Based in Shanghai, Teke grew to become "a small army of messengers, people smugglers, and informers" with a constant presence in clubs, religious organizations, music groups, and brothels serving as Zhou Enlai's (and subsequently the CCP's) eyes and ears both in Shanghai and across the nation. Nonetheless, Teke had to compete with the newly established KMT Bureau of Investigation and Statistics (BIS) under the notorious Dai Li whose nickname as the "Chinese Himmler" lives on for his horrific torture record which included death in excruciating agony and forced heroin overdosing. Under Dai Li, the BIS created vast networks of 100,000 operatives across and outside the borders of China and mastered new means of intercepting communist communications — an art taught to the KMT by American cryptographer Herbert Yardley for use against the Japanese.

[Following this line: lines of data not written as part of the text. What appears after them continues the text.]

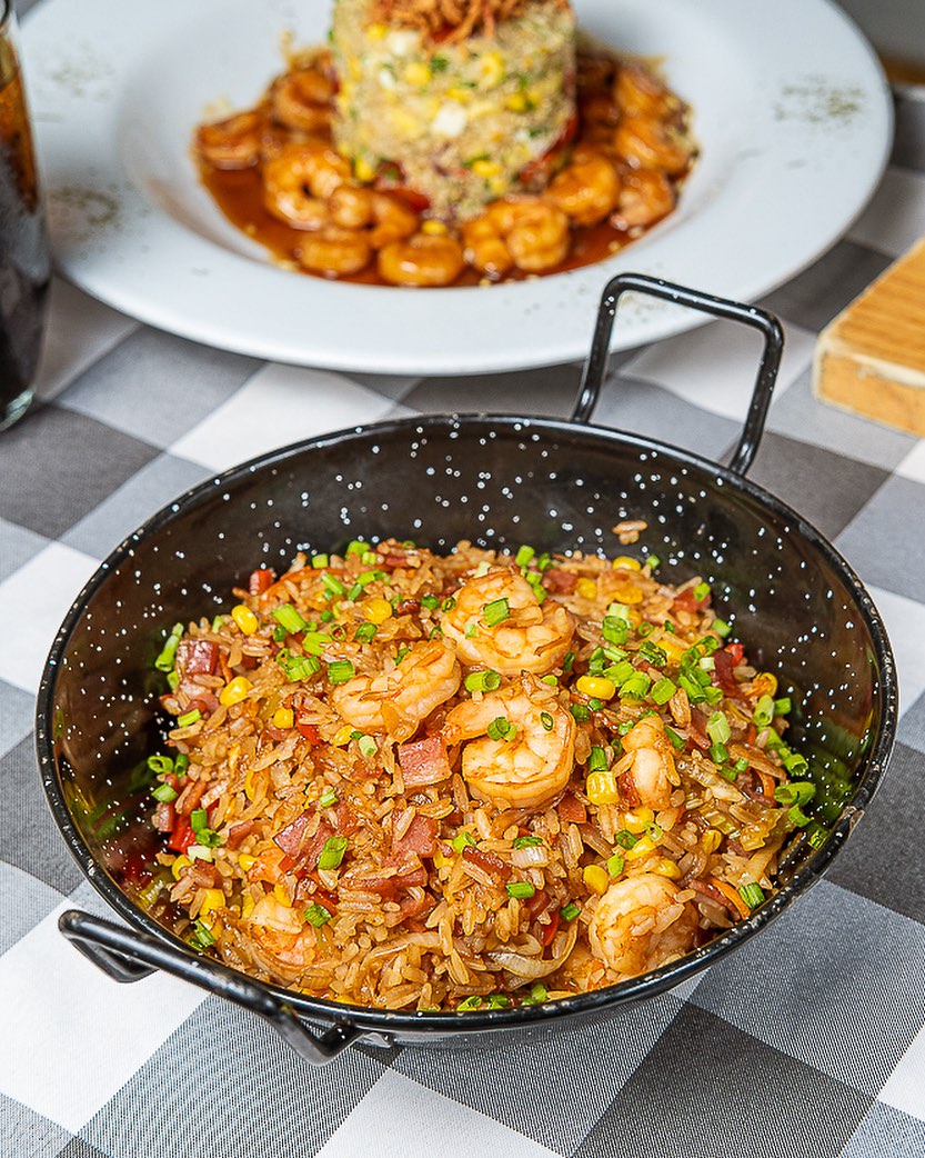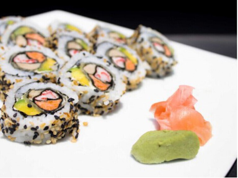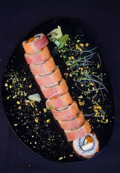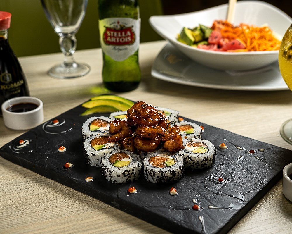 Un volcán de camarones salteados en salsa teriyaki, sobre un rollo con salmón, palmitos, queso crema y aguacate, con topping de mix de ajonjolí.
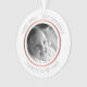 This personalised Christmas ornament features a modern faux rose gold design. Personalise the name, year and photo. It is double sided. The front will have a black and white photo and the back has your original colour photo. This template works best with landscape format photos with the subject in the centre.
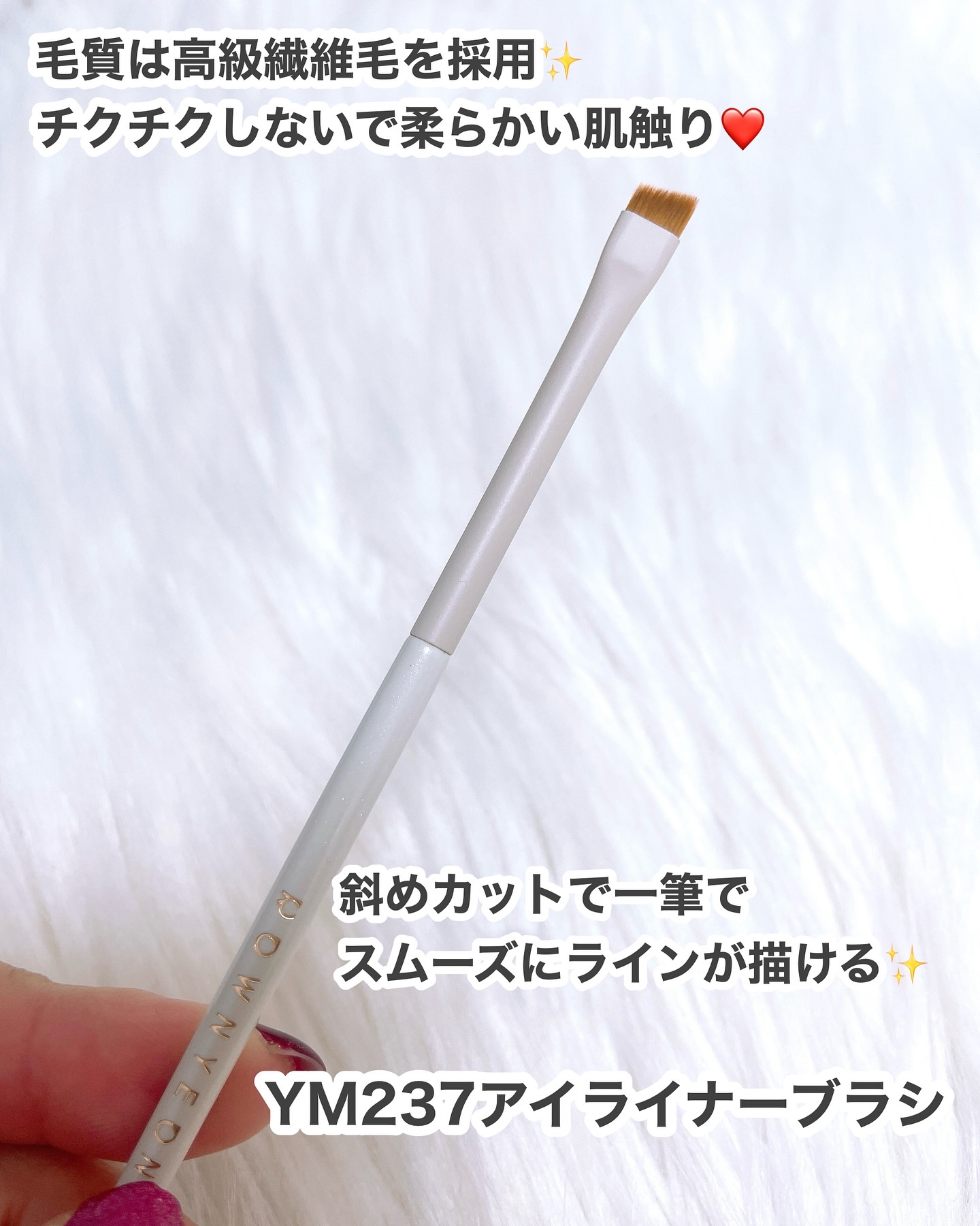 専用のブラシを使ってメイクするとメイクのクオリティがワンランクUP😆 持ち手が長くて柔らかい肌触りのブラシで使いやすいよ💓 毛質は高級繊維毛 動物毛ではなく人工毛なので水洗いしやすく、いつも衛生的に保てる 持ち手の長さが長めで持ちやすい ナチュラルで繊細なラインがキレイに引ける

The overwhelming advantages of the KMT were challenged only by the extensive and thorough infiltration of the security services by Teke agents including Qian Zhuangfei, Li Kenong, and Hu Di.

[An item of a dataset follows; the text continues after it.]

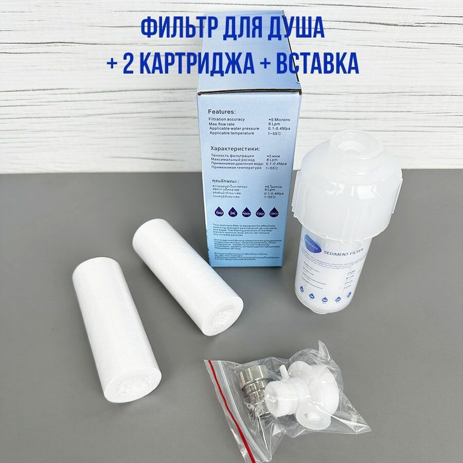 Фильтр для душа от жесткой воды + 2 картриджа + вставка (многоразовый). интересное:
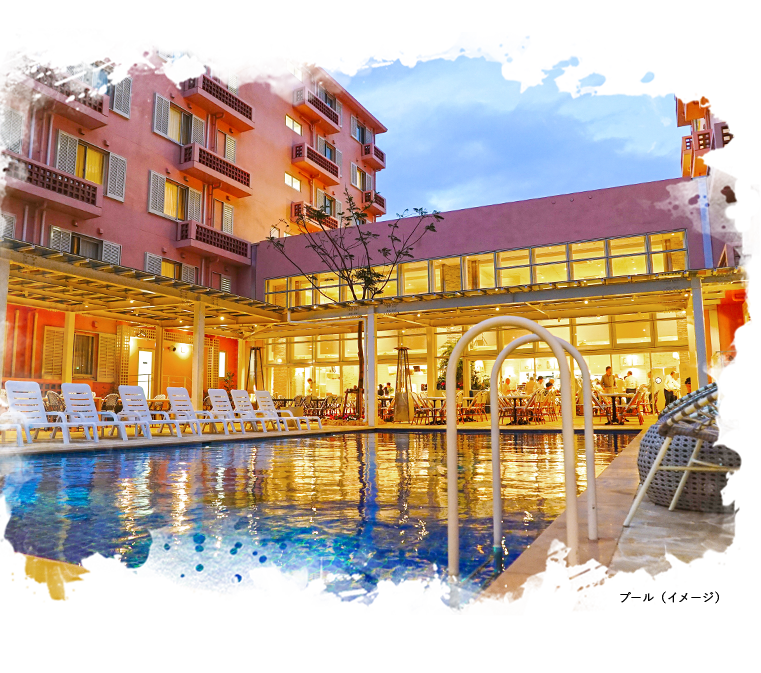 空港から車で10分。宮古島の南岸、ドイツ文化村に隣接した絶好のロケーション。南国の花々が咲くガーデンと明るい色調の館内は、上質のリゾートライフをお約束します。

Gu Shunzhang, whom Zhou Enlai had chosen to head operations for Teke, would prove to be one of the most adversely consequential members of the CCP's underground intelligence ring. Having been born in Shanghai on "the wrong side of the tracks" according to French author Roger Faligot, Gu lived crudely out of bars smoking opium, having affairs, and joining the Green Gang but made a name for himself as a magician. Made a bodyguard for Mikhail Borodin, the Comintern agent and advisor to the Kuomintang from Soviet Russia, Gu was sent to Vladivostok to learn the tactics of insurrection and tradecraft of espionage as Borodin feared division between the Chinese nationalists and communists. A trained spy, Gu led Teke operations from the group's 1927 founding until 25 April 1931.

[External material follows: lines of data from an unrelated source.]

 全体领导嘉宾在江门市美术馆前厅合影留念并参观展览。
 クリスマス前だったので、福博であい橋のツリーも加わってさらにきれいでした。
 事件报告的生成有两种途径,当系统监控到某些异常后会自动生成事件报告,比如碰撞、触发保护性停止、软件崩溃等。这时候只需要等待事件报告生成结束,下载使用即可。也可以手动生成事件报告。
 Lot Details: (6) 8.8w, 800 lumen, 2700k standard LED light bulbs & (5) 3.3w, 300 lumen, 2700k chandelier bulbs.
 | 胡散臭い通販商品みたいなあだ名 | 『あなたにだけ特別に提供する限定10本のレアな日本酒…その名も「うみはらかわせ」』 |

While performing the typical magic show for young children that usually covered for his espionage missions, a nationalist informer who had turned on the CCP recognized Gu from a photograph and alerted the KMT authorities. A number of KMT agents appeared and tackled Gu, not only gleeful to have detained one of their most challenging communist adversaries but were successful in turning the spymaster against the communists making Gu the most notorious intelligence traitor in modern Chinese history. As Gu provided the KMT with a flood of Teke agents' names and safe house locations, Zhou's spy inside the BIS, Qian Zhuangfei, immediately notified Zhou and Kang Shang who were able to relocate every Teke agent within two days — avoiding a potential extermination of CCP's core. Some agents, however, were located and arrested. On 21 June 1931, presumably with help from Gu's defection, the KMT captured CCP General Secretary Xiang Zhongfa hiding in a jewelry store with his cabaret dancer mistress. Despite offering to convert to the KMT party, Xiang was shot by his jailers before the received word of Chiang Kai-shek's pardon. Though the CCP's nascent intelligence branch under Kang Shang had narrowly escaped destruction, the damage done by Gu's defection and the number of communist spy arrests attrited the group until, in 1935, the CCP elected to disband it. While many of Teke's agents moved to the Red Army's Political Protection Bureau (PPB) led by Dong Fa, the PPB focused entirely on counterintelligence meaning real intelligence collection would go largely dormant until the formation of the Social Affairs Department.